Build Your Portfolio Around Socially Responsible Investments
Socially responsible investing is an investment strategy that seeks to maximize both financial return and social good. Simply put: you invest in companies that are aligned with your core values.
At Jeffrey M. Goldfarb & Associates, we can design and build a custom financial portfolio focused in whole, or in part, on socially responsible investment opportunities. From green securities to community investing, we can help ensure you reach your financial planning goals, while making an impact beyond you and your family.
What is Socially Responsible Investing? Albert Einstein famously remarked “We can’t solve problems by using the same kind of thinking we used when we created them.” To some extent the answer to today’s problems is to adopt a new approach to investing. We are trying to make positive headway towards socially responsible investing. Socially Responsible Investing (SRI) is a pragmatic approach to invest in good corporate citizens (companies), which are driven by their responsibilities not only towards society but also the environment, the community, and corporate governance.

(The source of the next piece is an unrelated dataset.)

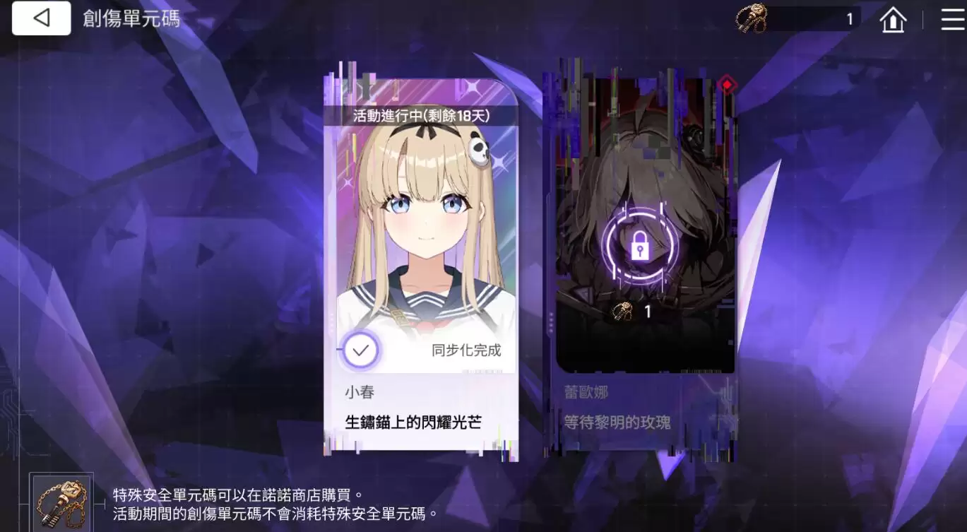 在单元创伤码玩法中还会涉及钥匙系统——如果是UP角色的专属剧情,无需消耗钥匙即可直接解锁;但普通卡池中的剧情则需要先购买钥匙,才能逐步解锁。整个奖励机制其实与剧情设定有着紧密联系:当玩家达成100%剧情完成度时,可获得两次彩抽机会;完成教学关卡则能获得300水晶。

It precisely means integrating social, environmental and governance issues into investment decisions and by investing in these companies we are trying to be a part of their success as well as reiterate our commitment to the world in which we live.
Why employ it? Many studies have been done (from John Guerard Jr. in 1995, to Hebner, Brenson, and Stark 2011) to compare the results of SRI screened vs. unscreened performance. The conclusions are that there are virtually no differences between one approach or the other in terms of long term performance. The determining factors are selection, timing, allocation, and skill. Based on these research results, it opens the door for investing based on one’s values without potentially compromising results.
How we do it: In monitoring these companies, we use independent research sources to screen the companies for various attributes such as climate/clean technology, environmental issues, community development, diversity, human rights, and board governance issues. We will not invest in manufacturers of alcohol, tobacco, or weapons products. Since most people have different values within a broad context, Socially Responsible Investing allows portfolios to be constructed mirroring the values and beliefs of the individual investor.
According to a report by Social Investment Forum, “At the start of 2010, professionally managed assets following SRI strategies stood at $3.07 trillion, a rise of more than 380 percent from $639 billion in 1995.” This shows that there has been a steady growth in the professionally managed assets following SRI strategies and we believe that this is a step in right direction.